Oh yeah. There it is. That’s right. My God, my God, my heavenly father – he knows. He has not forgotten. He has not been sleeping or looking the other way. He is working, he has never paused, hesitated, or faltered. He has not changed his mind about loving me. I can shake off this weight. I can stand up straight. I can go on.
The King James version gets the spirit of the last verse best -

They that wait upon the Lord shall renew their strength;
they shall mount up with wings like eagles;
they shall run and not grow weary;
and they shall walk, and not faint.”











Saturday, 3 March 2018

The H. Scriptures

Catrin Welz-Stein



The Holy Scriptures 

1.
OH Book! infinite sweetnesse! let my heart
Suck ev’ry letter, and a hony gain,
Precious for any grief in any part;
To cleare the breast, to mollifie all pain.

Thou art all health, health thriving till it make
A full eternitie: thou art a masse
Of strange delights, where we may wish & take.
Ladies, look here; this is the thankfull glasse,

That mends the lookers eyes: this is the well
That washes what it shows.  Who can indeare
Thy praise too much?  thou art heav’ns Lidger here,
Working against the states of death and hell.

Thou art joyes handsell: heav’n lies flat in thee,
Subject to ev’ry mounters bended knee.

2.  
OH that I knew how all thy lights combine,
And the configurations of their glorie!
Seeing not onely how each verse doth shine,
But all the constellations of the storie.
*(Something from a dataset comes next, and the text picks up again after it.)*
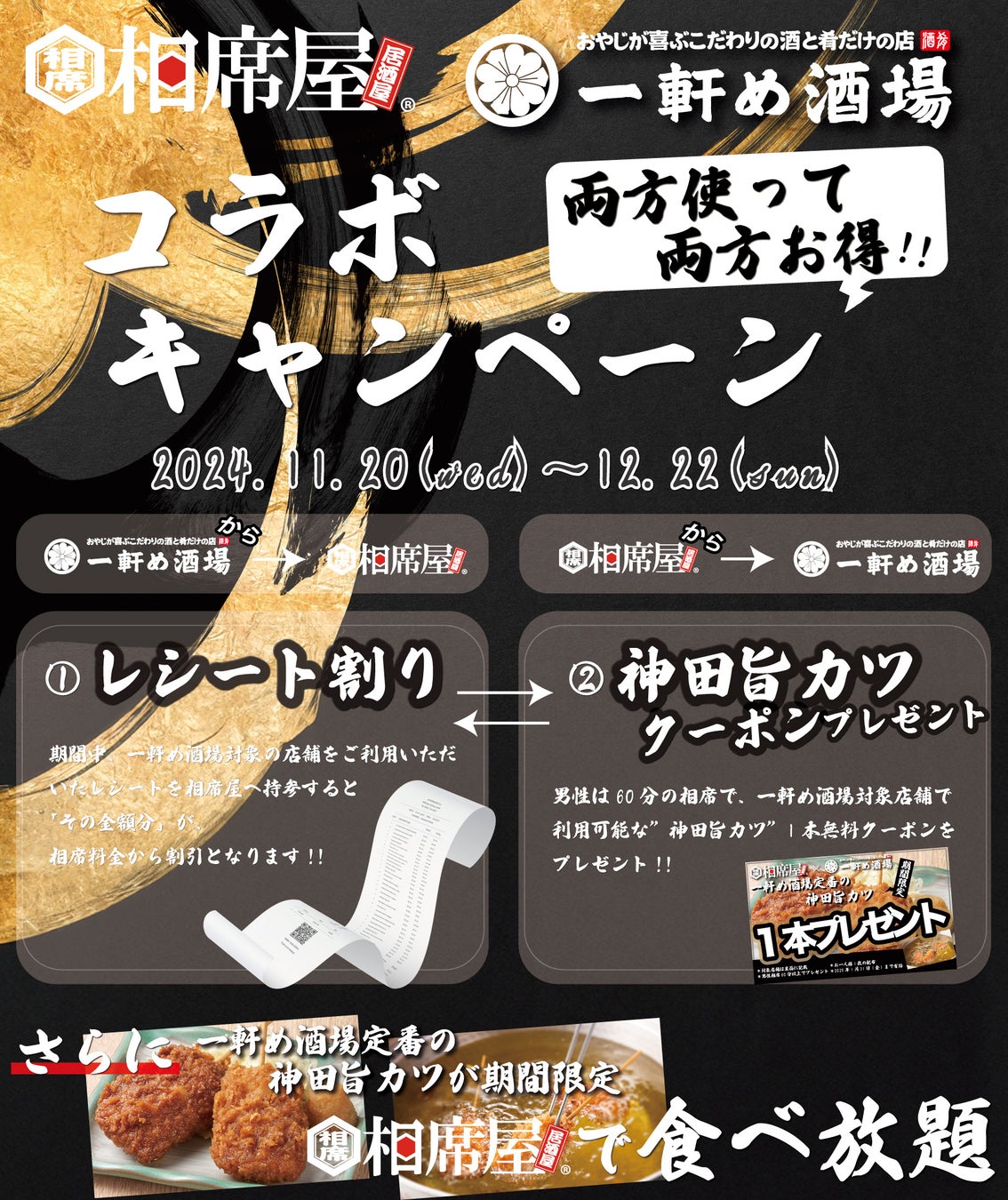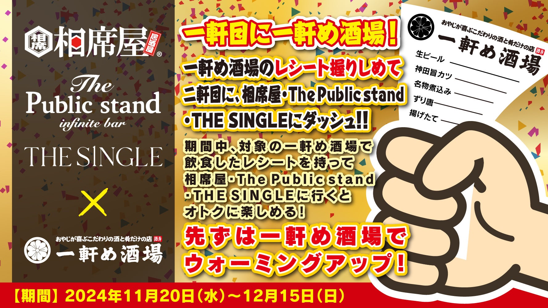 期間中、対象の「一軒め酒場」でご飲食したレシート(2024年11月20日-2024年12月22日までの日付が対象)を持って、対象の「相席屋」、「The Public stand」、「THE SINGLE」の店舗を利用するとオトクに楽しめるキャンペーン開催します。

This verse marks that, and both do make a motion
Unto a third, that ten leaves off doth lie:
Then as dispersed herbs do watch a potion,
These three make up some Christians destinie:

Such are thy secrets, which my life makes good,
And comments on thee: for in ev’ry thing
Thy words do finde me out, & parallels bring,
And in another make me understood.

Starres are poore books, & oftentimes do misse:
This book of starres lights to eternall blisse.

George Herbert


“A masse of strange delights”. This has certainly been my experience. Especially lately. I was brought up reading and memorizing this book, and even now, after all these years, I am amazed at the new things that I find. There is no book like this. Someone once said how it is like a diamond, you look at it one way and see this, then another, and see that – only to find the facets are endless, the whole universe and all of life is within and shines out through it. I love George Herbert’s enthusiasm, “Let my heart suck every letter!” And that phrase, “This is the thankfull glasse, that mends the looker’s eyes.” Is Herbert saying that we find ourselves in this book, and that finding constitutes a transformation? How very beautiful to think! I am in this story, and in it I am changed, I become what I always longed to be but did not dare to hope for. And “joyous handsell’? From what I can gather, handsell, means first gift, or the first installment of a bargain – which is to say, the words in this book are but a small taste of the very real and physical renewal of the whole universe yet to come. “Oh that I knew how all thy lights combine!” I’m completely in agreement with Herbert. If only I could see how each facet works together! I’ve seen only a small portion of how the themes are woven throughout – the Feast, the Pillar of Fire, the Temple, the Garden, the Exile – the symbols of Water, Bread, the Body, Stones, the Vine – and this is only scratching the surface. These certainly are “the secrets which make my life good.” This book is the thread that has led me this far in my life journey. And it has not failed me. Who knew that a story, a poem no less, could be the stuff of Life itself.